Vanity in an old man is charming. It is a proof of an open, nature. Eighty winters have not frozen him up, or taught him concealments. In a young person it is simply allowable; we do not expect him to be above it.
A mother is the best friend God ever gave.
There would not be so much harm in the giddy following the fashions, if somehow the wise could always set them.
It is the life of democracy to favor equality.
There is, indeed, no wild beast more to be dreaded than a communicative man having nothing to communicate.
In secluding himself too much from society, an author is in danger of losing that intimate acquaintance with life which is the only sure foundation of power in a writer.
Hope is the best part of our riches. What sufficeth it that we have the wealth of the Indies in our pockets, if we have not the hope of heaven in our souls?
He half retrieves a defeat who yields to it gracefully.
It is in vain that he seeks dominion abroad, who is not kingly at home.

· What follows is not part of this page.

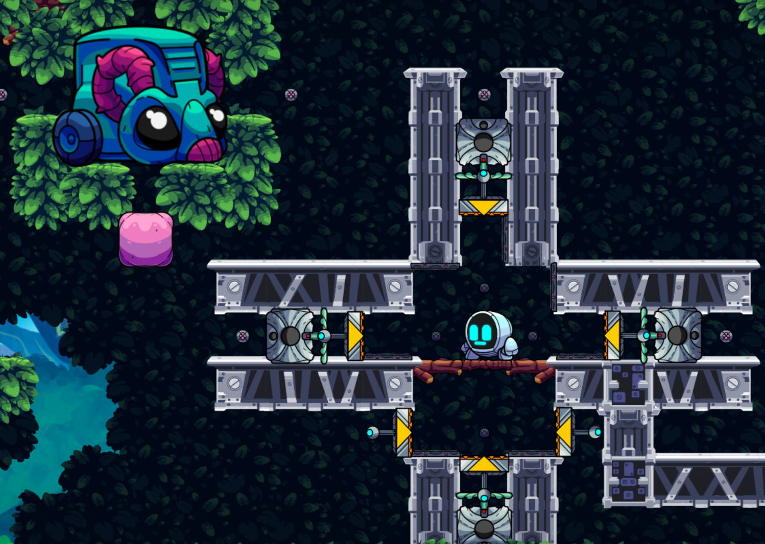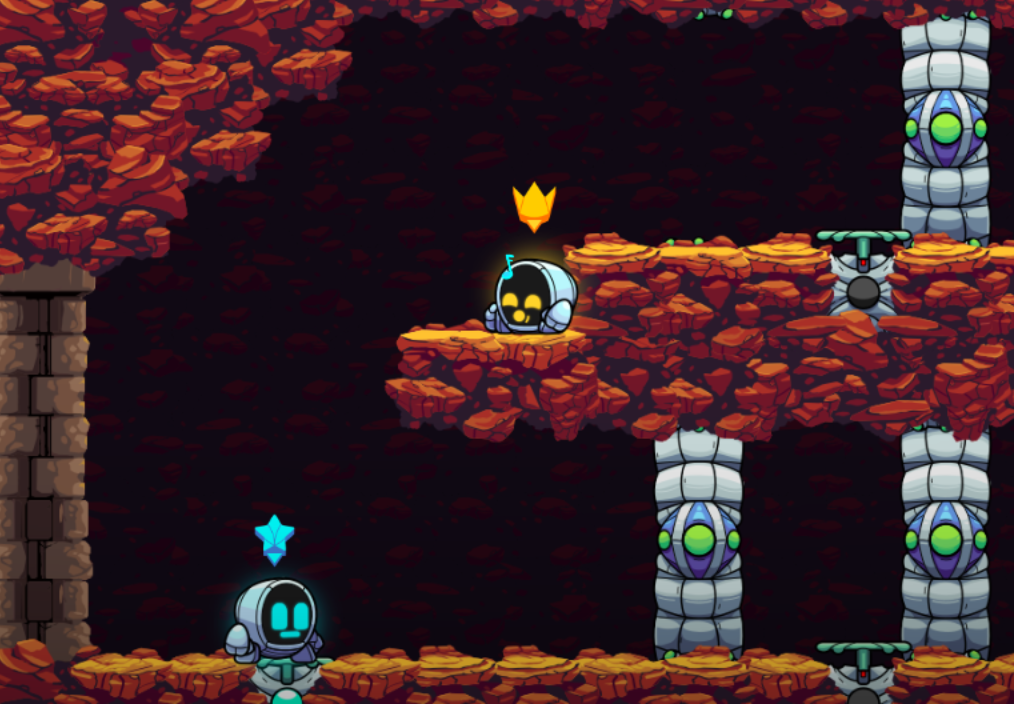 Contraptions are one of our favorite parts of Levelhead. Using the randomness generated by portals, TalkGibberish managed to recreate the classic memory game Simon Says as Vacrat See, Vacrat Do (bookmark)! Each run presents a different memory challenge, and the finale lets you do a fly-by of the off-screen logic required to make the contraption go.

The scope of an intellect is not to be measured with a tape-string, or a character deciphered from the shape or length of a nose.
Repose without stagnation is the state most favorable to happiness. "The great felicity of life," says Seneca, "is to be without perturbations.

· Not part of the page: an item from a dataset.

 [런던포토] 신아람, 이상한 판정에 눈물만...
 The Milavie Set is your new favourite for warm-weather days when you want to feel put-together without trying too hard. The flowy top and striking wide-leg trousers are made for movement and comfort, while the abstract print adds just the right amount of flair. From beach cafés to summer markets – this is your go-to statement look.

Truth comes to us from the past, as gold is washed down from the mountains of Sierra Nevada, in minute but precious particles, and intermixed with infinite alloy, the debris of the centuries.
The opinions of the misanthropical rest upon this very partial basis, that they adopt the bad faith of a few as evidence of the worthlessness of all.
There are ceremonious bows that repel one like a cudgel.
Tis but a short journey across the isthmus of Now.
Intellectually, as politically, the direction of all true progress is towards greater freedom, and along an endless succession of ideas.
Neither love nor ambition, as it has often been shown, can brook a division of its empire in the heart.
Loss of sincerity is loss of vital power.
"There is nothing," says a correspondent of the New York Times, "which the business world discards as unpractical and useless so much as the quiet, thinking scholar. But this is the man who makes revolutions. Politicians are mere puppets in the hands of men of thought.
Melancholy sees the worst of things, things as they may be, and not as they are. It looks upon a beautiful face, and sees but a grinning skull.
Mortal beauty stings while it delights.
The first step toward greatness is to be honest, says the proverb; but the proverb fails to state the case strong enough. Honesty is not only "the first step toward greatness," - it is greatness itself.
He has but one great fear that fears to do wrong.
There are none so low but they have their triumphs. Small successes suffice for small souls.
Can that which is the greatest virtue in philosophy, doubt (called by Galileo the father of invention), be in religion what the priests term it, the greatest of sins?